Mr Whipple to the rescue

It's been a long road, but we're hopeful that The Unfortunately Loyal Boyfriend has entered the last stage of full recovery from his pancreatitis. This experience was completely unexpected, pervasively uncertain and frequently changing throughout, with the situation and our knowledge of it altering fairly substantially every couple of days, and sometimes every day or every few hours. It continues to change daily even now. But it's evolving in a different way, towards full recovery.

He was discharged from hospital towards the end of May for the third and, we hoped then, final time, after a stay of only a few days. He was in quite good shape, judged by our radically revised pancreatitis-filtered version of 'good'. He still had the drain, a thin plastic tube surgically attached inside his abdomen that was taking out 100-150 ml of pancreatic fluid a day.
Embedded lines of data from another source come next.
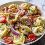 Keywords: tortellini salad, bacon tortellini salad, pasta salad, cheese tortellini recipe, Italian pasta salad, make-ahead salad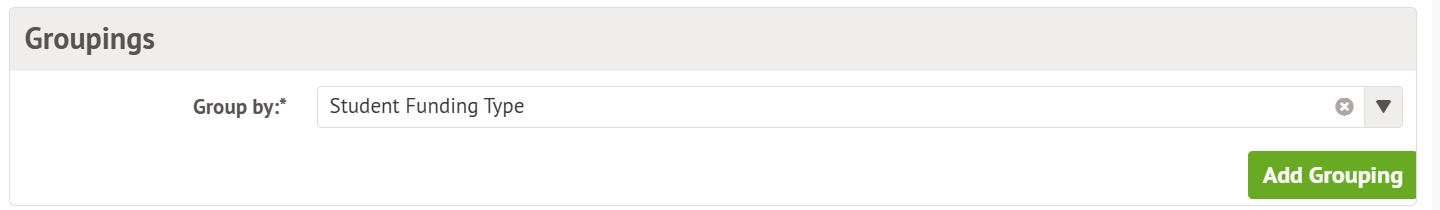 To add a grouping, scroll down to Groupings. From the drop-down, select the grouping that you are interested in, for example, Student Funding Type. Then click on the green Add Grouping button.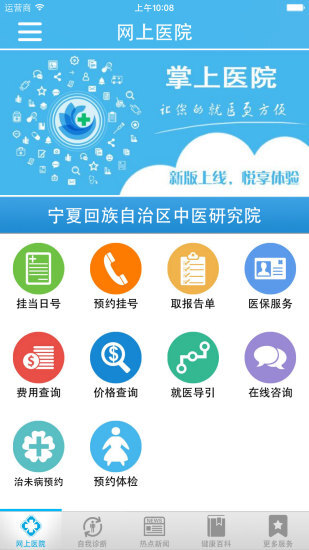 3、具備手機(jī)掛號、專家預(yù)約、就醫(yī)查詢、報(bào)告單在線查詢、門診咨詢、住院費(fèi)用清單領(lǐng)取、醫(yī)保賬戶余額查詢等功能。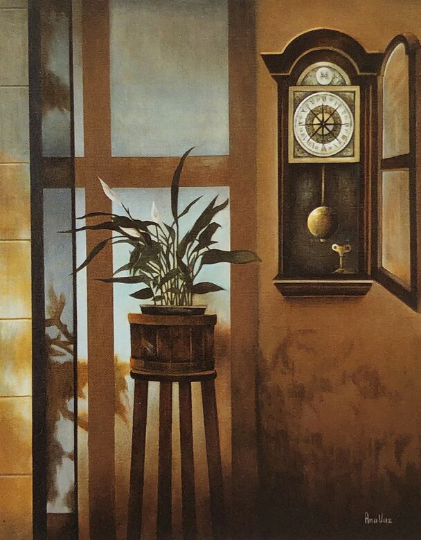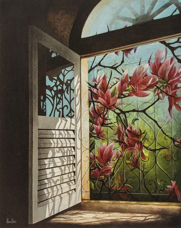 Em seus quadros, Ana Vaz valoriza a iluminação. Sempre há um foco de luz que se sobressai da penumbra e um destaque para um contraste entre o claro e o escuro. Nessa nova exposição, ela traz imagens evocadas da imaginação e também de um vasto repertório de fotografias do seu acervo pessoal. Em muitas das obras, a exemplo de “Primavera”, ela cria um jogo lúdico com a escala. No quadro inspirado em uma janela do prédio do Iphan, no bairro de São José, as magnólias são representadas em uma escala superdimensionada, para assumirem o protagonismo da cena.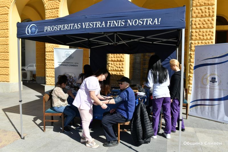 Измерване на кръвно налягане, сатурация, кръвна захар и други показатели ще се извършва на 6, 7 и 8 април пред сградата на Общината в Сливен. Инициативата е на Медицинския филиал в града по повод 7 април – Световен ден на здравето и Ден на здравния работник. Студенти ще извършват измерванията от 10 до 16 часа през трите дни. Община Сливен се включва в проявата с информация за здравословното хранене и предоставяне на плод за всеки, който си направи изследвания.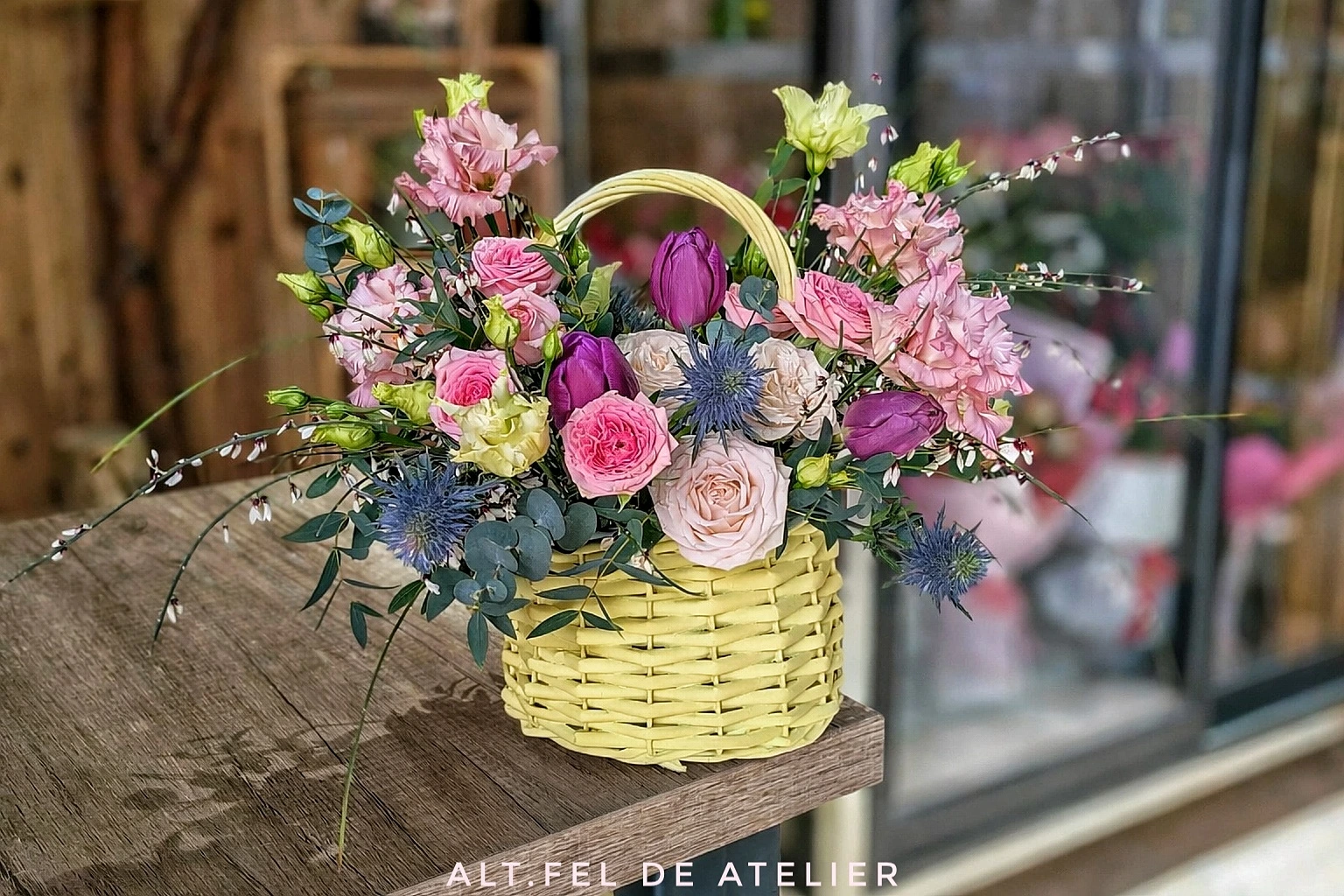 Compoziţie: 2 eustoma, 3 mini trandafiri, 3 lalele, 1 eryngium, 1 gunni, 2 ginster, cos nuiele, accesorii.

As he put it, it took out about a Coke can's worth every three days, just to remind him that he was not allowed to drink carbonated beverages or caffeine. He was able to drink water, eat small amounts of a few foods, walk short distances and sleep relatively uninterrupted for five or six hours at night. He'd lost a large amount of weight and was quite weak and lacking in energy. He could only eat an extremely low fat diet as digesting fats put the most pressure on the digestive system and pancreas. He could have low fat milk and yogurt as he'd been given in the hospital, and we gradually introduced other low fat foods (less than 3 grammes of fat per 100 grammes) but avoided using any oil or butter in cooking, sticking to steaming and boiling food and grilling without oil. At the same time he couldn't eat foods in combination, but only very plain foods cooked separately, such as boiled potatoes, steamed carrots, broccoli, cauliflower, asparagus and the like, but over the next couple of weeks he was able to eat sauces and combined food – major progress.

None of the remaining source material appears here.